2019 Reading Goals

I’m so excited to finally be writing this post because I’ve been thinking about it ever since I did my last goals check in! There’s just something about reading goals that I think is so fun to read and write about, so of course I had to kick off my yearend posts by starting with my favorite!

While I’m still pretty excited about all of the different goals I set for myself in 2018, in 2019 I’m going to really pare it back and only focus on one goal: getting to a zero TBR. I think I just distracted myself with all of my other reading plans and made it impossible for myself to accomplish all of them, so for now I’m going to focus on the one goal, and then I can circle back to some of my more longterm goals once I’ve completed this one.

I feel like I’ve been talking for ages about trying to get to a zero TBR, but haven’t really made much progress. You might wonder why it’s important to me; I myself think too many people worry about shrinking their TBRs when they should really just embrace them and stop creating unnecessary stress. But for me, it’s more of a matter of practicality. What’s even the point of buying a book if it’s just going to sit on my shelf for years unread? Especially if I just wind up donating it in the end because I’ve lost interest over time? I just really like the idea of reading books as I purchase them and think it’s a waste to let too many books languish on my shelves. So I’m going to strive for a zero TBR, and 2019 is going to be the year it becomes a reality.

Obviously a good first step towards accomplishing that goal is to institute a buying ban and stop borrowing books from the library, but I think then my goal becomes too restricting, which will ultimately keep me from actually attaining it. Instead, I’m going to start with the end goal in mind: it’s totally ok for me to buy new books, so long as I read them shortly after I buy them. I’ve actually been doing this the last several months of 2018, and it’s been working really well for me. Rather than putting new book acquisitions on my TBR shelf, I leave them on my nightstand. It helps keep my new books in the front of my mind, and it’s a tangible reminder of how many books I’ve acquired recently and not read. As a result, it stresses me out a bit to acquire new books and really makes me stop and think about when I’ll get a chance to read them, and it motivates me to read from the pile if it gets too big.

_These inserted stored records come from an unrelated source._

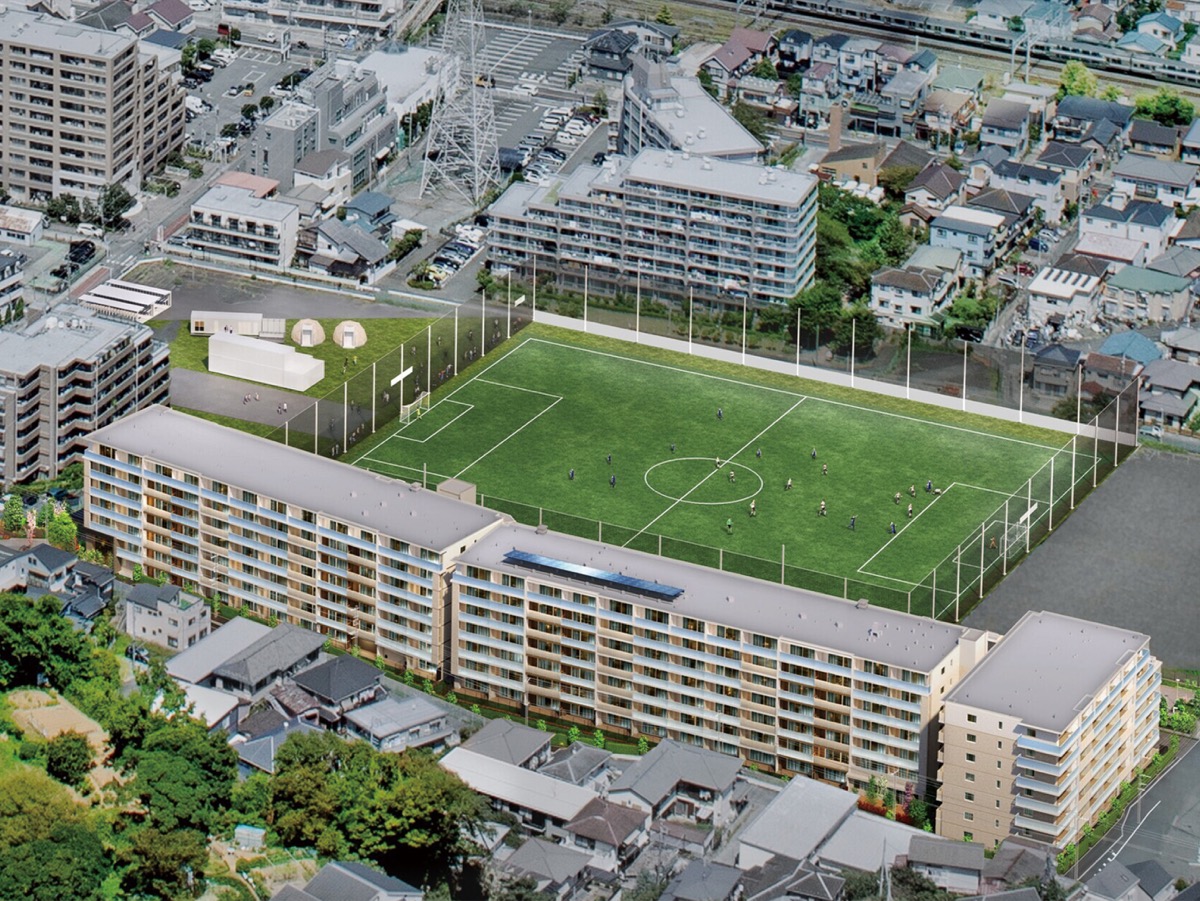 鎌倉市台で12月7日から利用が始まったサッカー場「ゴールドクレストスタジアム鎌倉」。その隣で建設された新築分譲マンション『クレストシティ鎌倉大船サウス』も12月上旬に竣工した。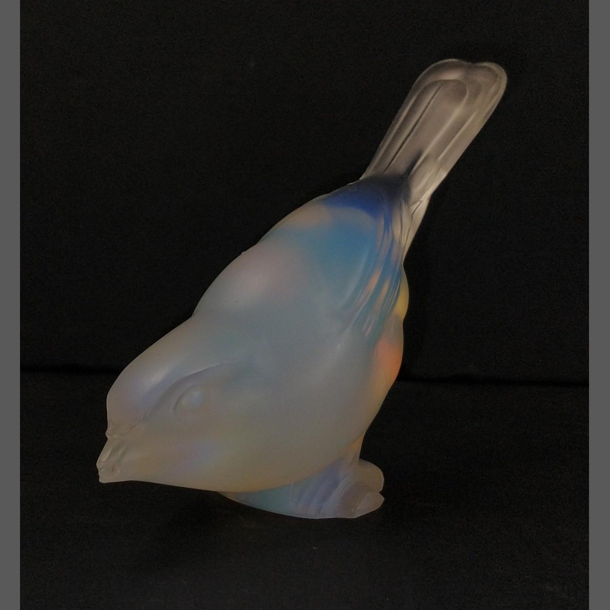 A small ETLING sparrow eating, 13cm long, 9cm high, a small chip from the beak and base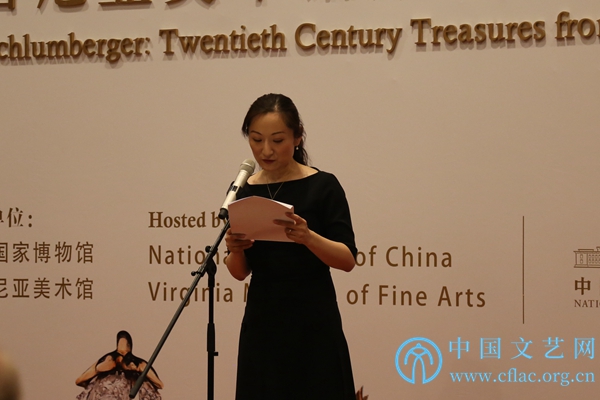 5月30日,“云鬓珠翠——弗吉尼亚美术馆藏二十世纪珍宝艺术展”在中国国家博物馆开幕。图为中国国家博物馆国际联络部副主任潘晴出席活动并致辞。中国文艺网 张钰童 摄

The other way I hope to achieve my goal of a zero TBR is to reduce my physical TBR by at least five books per month. There are currently 54 books on my TBR shelves (you can see them on my Goodreads shelf here), so if I stick to five per month, I’ll have all of them read by the end of the year. I won’t lie, I’m secretly hoping to accomplish my goal by this summer (June would be amazing), and it might be possible, but I’m only going to really push myself to read (or cull) at least five books per month from my shelves.

Side note: for some reason, I’m not too fussed about my kindle TBR! I think a lot of that is because it’s not sitting there staring at my like my physical TBR, and I’m generally not in the habit of accumulating too many kindle books. I’m actually really good about only buying kindle books when they’re insanely discounted (think a dollar or two) and something I can’t check out from my library via Overdrive. I’m lucky that the New York Public Library has an incredibly extensive collection, so it’s pretty rare that a book I want to read is on sale but not available from my library! While eventually I might turn my attention towards clearing out my kindle TBR, for now I’m not really worried about it.

I do have one other goal that I want to accomplish in 2019 and that is to have at least 30 percent of the books I read throughout the year be by people of color. This is a goal I set for myself (and met!) in 2018, and it’s something I want to continue to do both to help ensure marginalized voices are heard by giving them support and to learn more about different people. Of course, there are a zillion other ways to diversify my reading other than just by focusing on race, and I’m planning to write a post about some of my blind spots in my reading and what I’d like to improve upon, but this particular goal is one of the simplest ways to make a big impact on my reading, which is why it’s the only one that’s an official goal (for now!).

And that’s it! I’ll likely put together a post again with ideas for completing the Book Riot Read Harder Challenge, and I recently discovered the Reading Women Challenge, which sounds pretty cool, so I’ll probably research some ideas for that as well, but I’m not going to push myself to complete either challenge, at least not right now. And I still very much want to do more rereading in 2019. But I don’t want to stress myself out with too many goals or distract myself from my primary goal, both things that happened in 2018. So 2019 is going to be the year I finally reach a zero TBR!

What are your reading goals for 2019? I love hearing how other people plan to improve their reading, so please comment below or drop a link to your blog and let me know all of your aspirations for next year!

15 thoughts on “2019 Reading Goals

  1. My TBR’s definitely too big to go for a zero TBR but I read 3-10 books a month so I’m putting a goal to read at least 2 to account for my busier months and hopefully closer to 10 in my bigger reading months.

    Liked by 1 person

      • Reading books as I buy them has really helped for me, and I’ve seen other people set limits on how many they can buy in a month, since an all out ban is pretty much impossible to stick with. Hopefully you find something that works for you!